• **PROMPT**:
Set down every line from the one containing "巡查日期地點：112.11.08/ Y23車站 照片說明：路面龜裂狀況" through the last line of the records below, exactly as written, and leave out the pictures.

Stored records:
.....
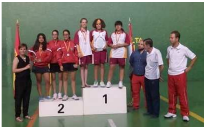
Pódium Frontenis Infantil Femenino
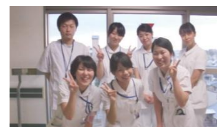
病院の踊り場にて
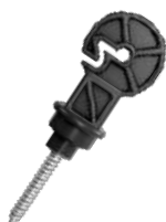
Preto Cód: 954
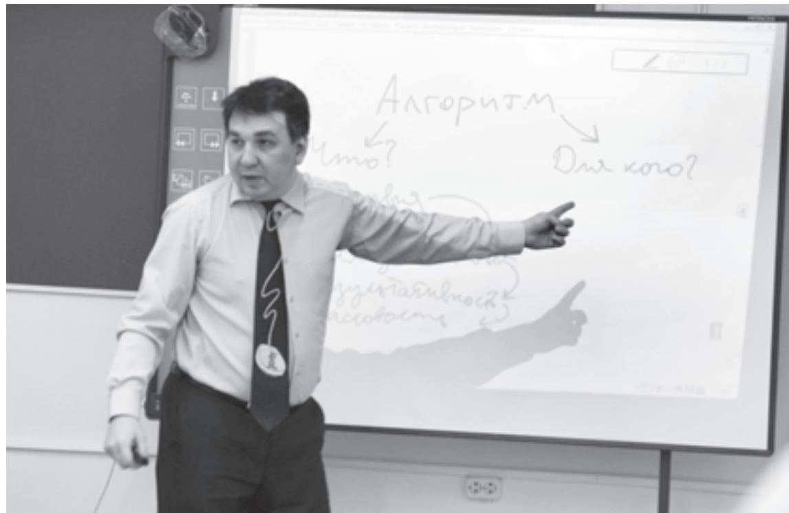
Есть слова, которые и во тьме светят

книги, статьи, блоги, смотришь фильмы и ток-шоу, путешествуешь по разным школам, общаешься с коллегами и зачастую встречаешь боязнь, неуверенность, пустую озабоченность.
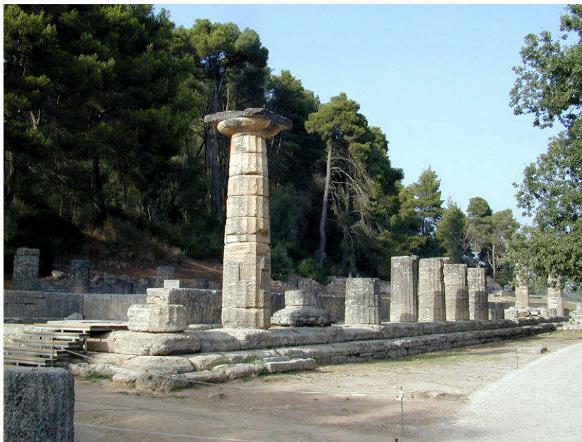
Ναός της Ήρας

Πρόκειται για εθνικό κληροδότημα μεγάλης ιστορικής σημασίας και η προστασία του χώρου αποτελεί μέλημα του κράτους. Ιστορικά η παλαιότερη ένδειξη ανθρώπινης παρουσίας στην περιοχή χρονολογείται στην τρίτη χιλιετία π.Χ. Τον 9ο αιώνα π.Χ. η Αρχαία Ολυμπία ήταν ένας ιερός τόπος που προσέλκυε πολλούς προσκυνητές. Τον 8ο αιώνα η φήμη της μεγάλωσε τόσο και έφτασε σε χώρες της Ανατολής και της Δύσης. Καθοριστική χρονιά στην ιστορία της στάθηκε το έτος 776 π.Χ. που ο Σπαρτιάτης Λυκούργος πραγματοποίησε συμφωνία με τον βασιλιά της Ήλιδος Ίφιτο για την τέλεση λατρευτικών εορτών εκεί. Κομμάτι της συμφωνίας αποτέλεσε το γεγονός ότι κατά τις γιορτές θα επικρατούσε εκεχειρία σε ολόκληρη τη χώρα.
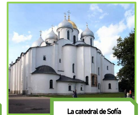
La catedral de Sofía San Petersburgo

Empleo de la arcada y de cúpulas, materiales como el ladrillo, al estuco y al mosaico.
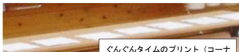
ぐんぐんタイムのプリント (コーナ)
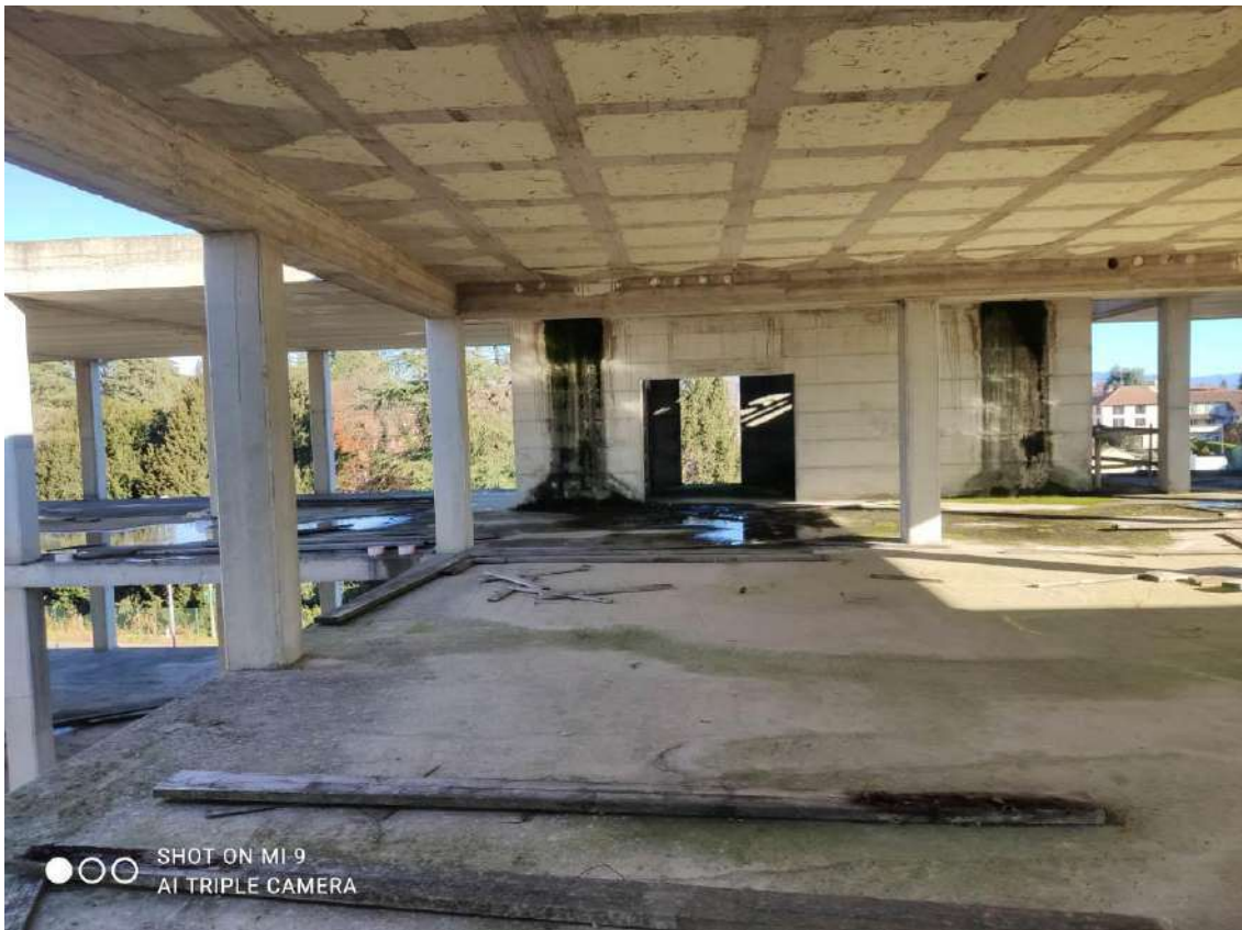
STATO EDIFICIO POLIFUNZIONALE – PIANO TERZO
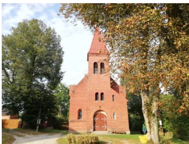
Kościół p.w. MB Wspomożenia Wiernych
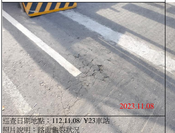
巡查日期地點：112.11.08/ Y23車站 照片說明：路面龜裂狀況
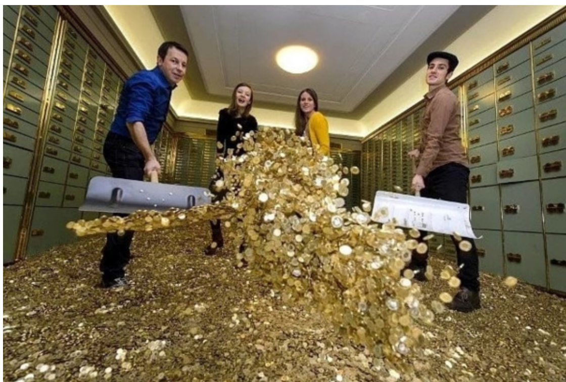
Золото гребут лопатами

А, русские, точно, не отказались бы от 1 000 франков. Наверное поэтому и референдумы в России не проводятся (хотя, согласно Конституции, проводить референдумы положено): вдруг глупый народ проголосует не за то, что нужно.
.....
• **WRITTEN SOLUTION**:
巡查日期地點：112.11.08/ Y23車站 照片說明：路面龜裂狀況
Золото гребут лопатами

А, русские, точно, не отказались бы от 1 000 франков. Наверное поэтому и референдумы в России не проводятся (хотя, согласно Конституции, проводить референдумы положено): вдруг глупый народ проголосует не за то, что нужно.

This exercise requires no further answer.